[Haskell-cafe] ANNOUNCE: Dimensional 0.6 -- Statically checked physical dimensions

Björn Buckwalter bjorn.buckwalter at gmail.com
Thu Aug 2 16:27:47 EDT 2007

Dear all,

 I am pleased to announce version 0.6 of the Dimensional library.

 Dimensional is a library providing data types for performing
arithmetic with physical quantities and units. Information about the
physical dimensions of the quantities/units is embedded in their types
and the validity of operations is verified by the type checker at
compile time. The boxing and unboxing of numerical values as
quantities is done by multiplication and division with units.

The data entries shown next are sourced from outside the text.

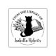Ce tampon encreur "De la bibliothèque de" comporte un livre, des fleurs, un chat et un nom personnalisé.
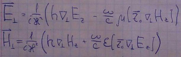 Из данных систем получим выражения, представляющие значения поперечных компонент электромагнитного поля через производные от продольных компонент (1.2<=>2.1; 1.1<=>2.2):
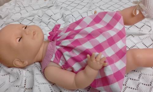 Cute old baby doll with a non working voice box and 54cm tall. Her blue eyes has lost some sparkle but still lovely just the same and in need of a loving mommy.
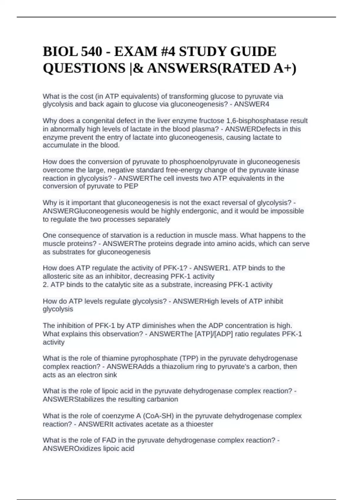 BIOL 540 - EXAM #4 STUDY GUIDE QUESTIONS |& ANSWERS(RATED A+)
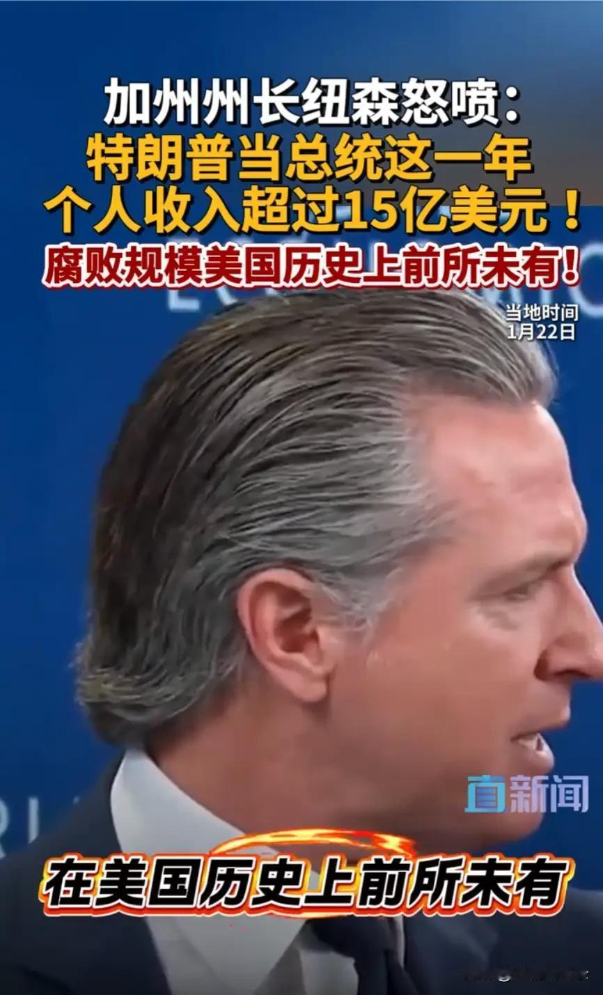 美加州州长纽森说特朗普一年贪腐超15亿美元 特朗普成了瑞士达沃斯论坛当仁不让的热门人物,他的言行不仅遭到西方社会的强烈谴责,同时也受到来自美国内的严厉抨击。 美加州州长纽森说,特朗普当总统这一年个人收入超过15亿美元,腐败规模在美国历史上前所未有。 1月22号,新华社消息,美国加州州长加文·纽森在达沃斯论坛上曝出特朗普在过去12个月里个人收入超过15亿美元,怒批特朗普的腐败和贪污规模是美国历史上前所未有的。 纽森对媒体说,特朗普的演讲“无聊”且“粗鲁”。 当时,纽森发言说,特朗普在12个月就收入15亿美元,这是如何办到的?这种大规模的贪污与腐败事件令人震惊。 我们怎么能够容忍这种事情,我们必须进行严厉的公开谴责,这在美国历史上是前所未有的,他就在我们眼皮底下发生了。 看来,纽森真是一条硬汉,敢于硬刚特朗普,这样的人在美国并不多。
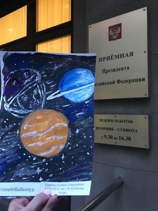 На днях часть рисунков байконурских школьников, принявших участие в акции «Запуск первого искусственного спутника Земли глазами детей Байконура!», была передана в приемную президента Российской Федерации Владимира Путина.
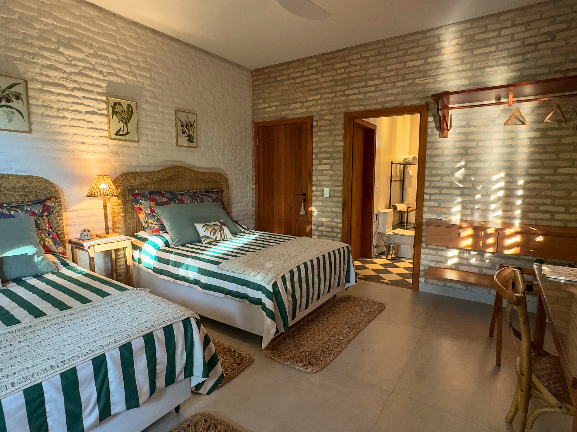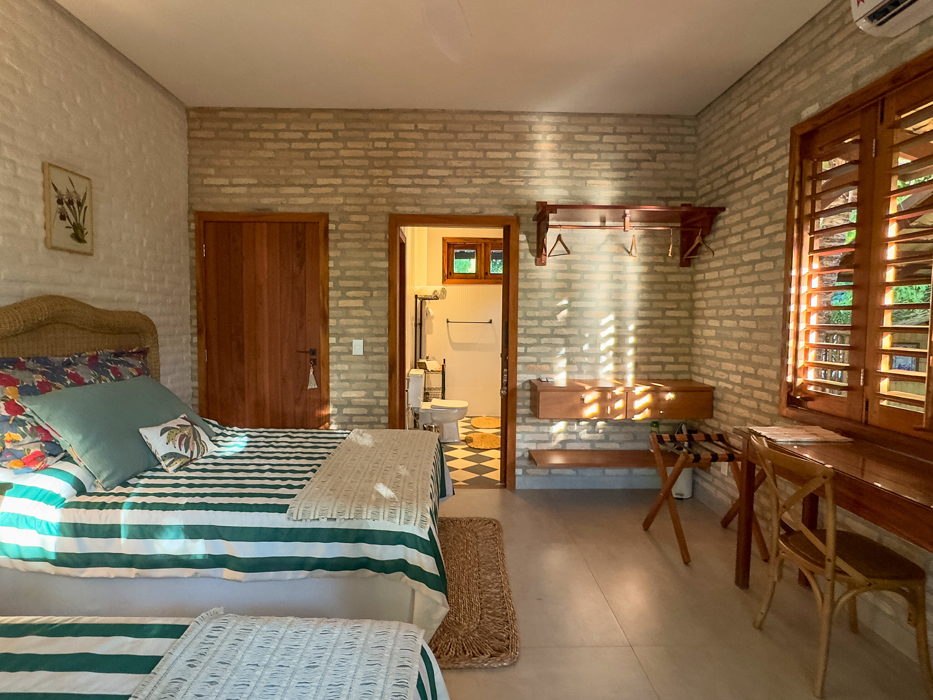 A Suíte Flor de Orquídea é o espaço perfeito para famílias e casais, um refúgio particular com muito conforto e requinte. Seu layout acessível, com portas largas e entrada direta pela varanda, também atende com conforto hóspedes com mobilidade reduzida, contando com:
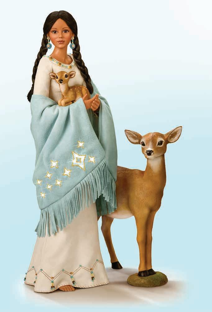 This portrait doll wears a custom-designed ensemble featuring handsewn beadwork inspired by a Native American design, and a removable shawl with a Morning Star design that lights up with LEDs at the flip of a switch. She arrives with her 2 deer companions, a doe and a fawn.

 The library is designed to, as far as is practical, enforce/encourage
best practices [1] of unit usage.

 Noteworthy changes/additions since the previous formal announcement
(version 0.4) are:

 - All quantities and SI units from [1] have been added.
 - A Prelude replacement with the SI units and dimensional operators
(+, *, ^...) is provided for convenience.
 - Interface to Data.Time using 'fromDiffTime' and 'toDiffTime'.
 - Phantom type tags make extended dimensions safer.
 - Experimental CGS units with type safe conversions to/from SI. See
appended literate Haskell module for details.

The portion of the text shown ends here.